If this baby is born with NAS/FDS being taken from BM for life and getting support will be critical for the baby's outcome.
SS's did his HS Sr. Project on FTS. He wrote and had published a informational flyer on FTS. He needed a special dispensation due to that project being assined at Winter break of Jr. year due March of Sr. year. SS was at that HS only for his last semester of HS after laying a turd Sr. year in military school.
"Fetal drug syndrome/NAS
"Fetal drug syndrome/NAS babies are a tragedy."
Jesus, I can't imagine being pregnant and chainsmoking. I really hope this baby isn't born with issues. SD has never been able to quit the pot, not even for a few days. She got caught with it at her BM's, even though they told her she couldn't live there with it because of it being illegal and the fact that they have a younger child. At her grandmother's, she would smoke it in the bathroom, though the grandma wouldn't kick her out for it. She got fired from at least one job because she couldn't go the whole shift without going out to her car to vape the weed juice. So yeah, this baby is at risk for extreme marijuana exposure.
Oh, and this is how bad of a bulksh!ter she is: she tried to say she was going out to her car mid-shift to take her birth control pill, because she has to take it at the same time every day and keeps it in her car. She also had a lunch break so i guess she needed the pot more than once per shift.
This co dependency thing
With this type of kid never ends. The patten is set, in stone. What you see is what you get. SD will never make it on her own. The players change not SD. BF ....GF... so called family ....kids ..more kids.. MIL..FIL.. all change. SD is a sink where your pour your time and money into to it all eventually go down the drain.
You can get out. You can start planning your exit. Getting every thing in place to leave. Get a bank account in only in your name. Start putting every cent you can get a hold of into that account. Decide where you are going to move too. Back to your parents for a few months. Apartment, need rent security ect, Moving your furniture. Getting list together.
Your DH is in the disnnny dadddy mode and will go down with that ship. He will lose everything. SD will bleed him dry and more. He going to get the GK guilt on top of DD guilt. His DD will meet a new BF and take off leaving the GB with DH to take care of. You want no part of that. GK with two crazy parents, no pre care going to grow up crazy too.
"Get a bank account in only
"Get a bank account in only in your name. Start putting every cent you can get a hold of into that account. Decide where you are going to move too. Back to your parents for a few months. Apartment, need rent security ect, Moving your furniture. Getting list together."

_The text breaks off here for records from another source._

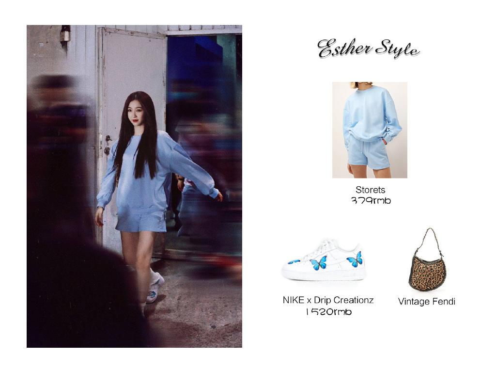 A casual sports suit, blue is a fresh and cool color that also shows off the skin tone, which is very suitable for her girlish look. The key is to wear this set The editor found out that he could afford it, and was suddenly moved to tears. The butterfly print of this pair of co-branded sneakers from Nike is its biggest attraction.
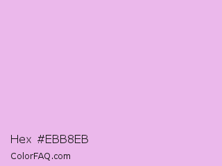 Hex #ebb8eb Color is a very light magenta color and the nearest color is French Lilac #ecc7ee. Hex code #ebb8eb and RGB value is rgb(235,184,235). In RGB color space, this color is composed of 92% red, 72% green, 92% blue, In CMYK color space, this color is composed of 0% cyan, 22% magenta, 0% yellow , 8% black , In HSL color space, this color has a hue angle of 300° , 56% saturation and 82% lightness.
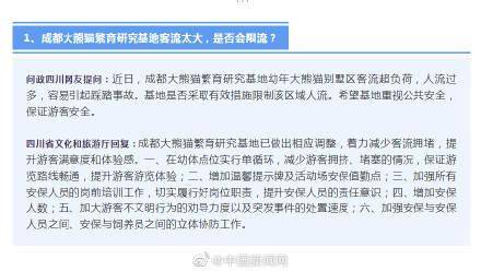 近日,问政四川网友提问:成都大熊猫繁育研究基地幼年大熊猫别墅区客流超负荷,人流过多,容易引起踩踏事故。基地是否采取有效措施限制该区域人流。对此,四川省文化和旅游厅回复:成都大熊猫繁育研究基地已做出相应调整。一、在幼体点位实行单循环,减少游客拥挤、堵塞的情况,保证游览路线畅通,提升游客游览体验;二、增加温馨提示牌及活动场安保值勤点;三、加强所有安保人员的岗前培训工作,切实履行好岗位职责,提升安保人员的责任意识;四、增加安保人数;五、加大游客不文明行为的劝导力度以及突发事件的处置速度;六、加强安保与安保人员之间、安保与饲养员之间的立体协防工作。(川观新闻)

I already have all those things. SO and I live near each other (1 min walk) but never moved in together. I saw the red flags and put the brakes on. The SDs and BM1 haven't been issues for almost a year, the SSs are well behaved, and BM2 has been staying mostly in her lane. SO finally decided to set boundaries with this SD and had stuck to them for the past 8 months. Actually said he was "about done with her." SO had made major improvements and progress on all fronts. My kids are both out of the house and i was seriously considering taking the next step. A baby is probably the only thing that SD can do to hook him back in, to both her drama and BM1's. I'm fine. House, job, etc., all my own. I'm thinking with my brain now. Just sad that no matter how hard he tries, and he has tried very hard, the baggage always catches up.